Am Rande, was ist denn dann mit der elektronischen Rechnung, die der InsO derzeit noch völlig fremd ist? Das Original stellt dann die Datei mit den Rechnungsdaten dar. Eine lesbare und sichtbare „Kopie“ gibt es nicht, allenfalls eine Visualisierung des Dateiinhalts. Nicht nur hieran ist zu sehen, dass die InsO mit der Entwicklung nicht Schritt hält. Nachdem es erste Erfahrungen mit Großverfahren schon im Bereich der Stromanbieter gab, ist mit Air Berlin, topbonus und Germania noch eine andere Branche hinzugekommen.
Beim Strom zahlt man, was man bekommt, spätestens mit der Jahresabrechnung. Der Anbieter kann auch gewechselt werden. Anders liegt es dagegen bei der Pleite einer Fluggesellschaft: Wer nicht durch eine das Problem auf den Veranstalter verlagernde Pauschalreise auf der sicheren Seite ist, sondern Flug und Unterkunft separat gebucht hat, droht in die Röhre zu schauen.

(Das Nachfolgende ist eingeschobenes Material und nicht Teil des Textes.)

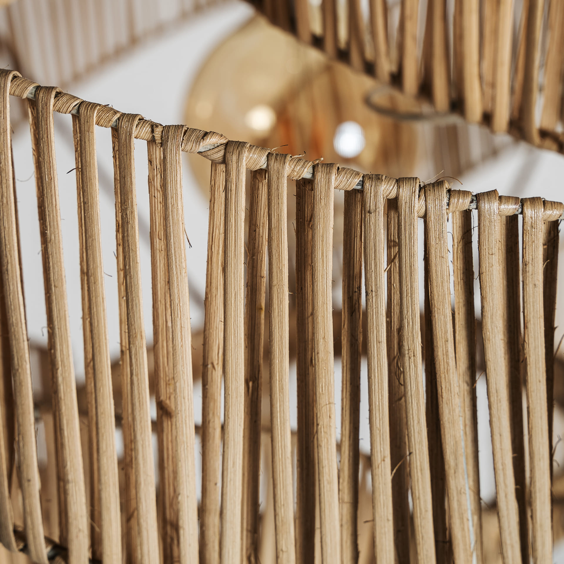 Lámpara de colgar de estilo boho fabricado en ratán en color marrón.

Erstmals mit der Insolvenz von Air Berlin und nachfolgend auch im Verfahren von Germania machte ein Begriff die Runde, den bis dahin wohl nur die wenigsten Kreditkartenbesitzer kannten: der Chargeback (allgemein näher dazu Schur/Schur, JA 2017, 739). Vereinfacht gesagt: Die per Kreditkarte bezahlte Flugbuchung wurde zunächst bei der ZVI 2019, 330kartenausgebenden Bank als nicht erbracht reklamiert, was im Idealfall in einer Gutschrift der zuvor belasteten Zahlung resultierte. Das alles macht fraglos Sinn und hat seine Berechtigung in Situationen wie Kartenmissbrauch und formal fehlerhaften Abrechnungen.
Durch die Airline-Insolvenzen erlangte der Chargeback jedoch schlagartig eine andere Wahrnehmung und wurde im Internet mitunter sogar als eine Art in der Kreditkarte inkludierte Insolvenzversicherung gepriesen, wenn nur eine Flugleistung und keine Pauschalreise gebucht worden war. In vielen Fällen vorgenommene Erstattungen scheinen diesen Eindruck noch verstärkt zu haben, da somit ein Verlust aus der Insolvenz vermieden schien.
Hieran zeigt sich aber auch, welche Eigendynamik sich entwickeln kann, wenn Darstellungen auf eine einseitige Sichtweise fokussiert sind. Die Theorie von der „Insolvenzversicherung“ krankt schon daran, dass es danach einen Beteiligten geben müsste, der – für welche Gegenleistung? – das Ausfallrisiko aus Chargebacks auf sich nimmt. Bei Schuldnern wie einer Fluggesellschaft undenkbar, da durch die Geschäftstätigkeit bedingt in der Krise des Unternehmens innerhalb eher überschaubarer Zeit ein immenses Forderungsvolumen aus noch nicht abgeflogenen Tickets aufgebaut wird.
Noch wesentlich gravierender erscheint aber der Umstand, dass bei solchen Sachverhalten schnell Einzelheiten auf der Strecke bleiben können, die rechtlich bedeutsam sind. Das betrifft bei diesem Szenario den Umstand, dass der Grundsatz „Leistung nicht erbracht gleich Geld zurück“ in der Insolvenz nun einmal nicht gilt, siehe §§ 103, 105 InsO. Daran ändern auch gegenteilige Regelungen in Kreditkarten-AGB nichts. Der Chargeback stellt eine ausnahmsweise Lösungsmöglichkeit von dem im Rahmen des Zahlungsprozesses unter Verwendung der Kreditkarte abgegebenen abstrakten Schuldversprechens gegenüber der Zahlungsempfängerin dar, hat aber keine Auswirkungen auf einen Zahlungsanspruch aus der vertraglichen Beziehung zwischen dieser und dem Kunden. Nach Berichten auf einschlägigen Reiseseiten im Internet wurde jedenfalls bei Air Berlin bereits mit der Abarbeitung der Liste offener Posten begonnen. Die Urlaubspleite wird im Insolvenzrecht also noch länger präsent bleiben.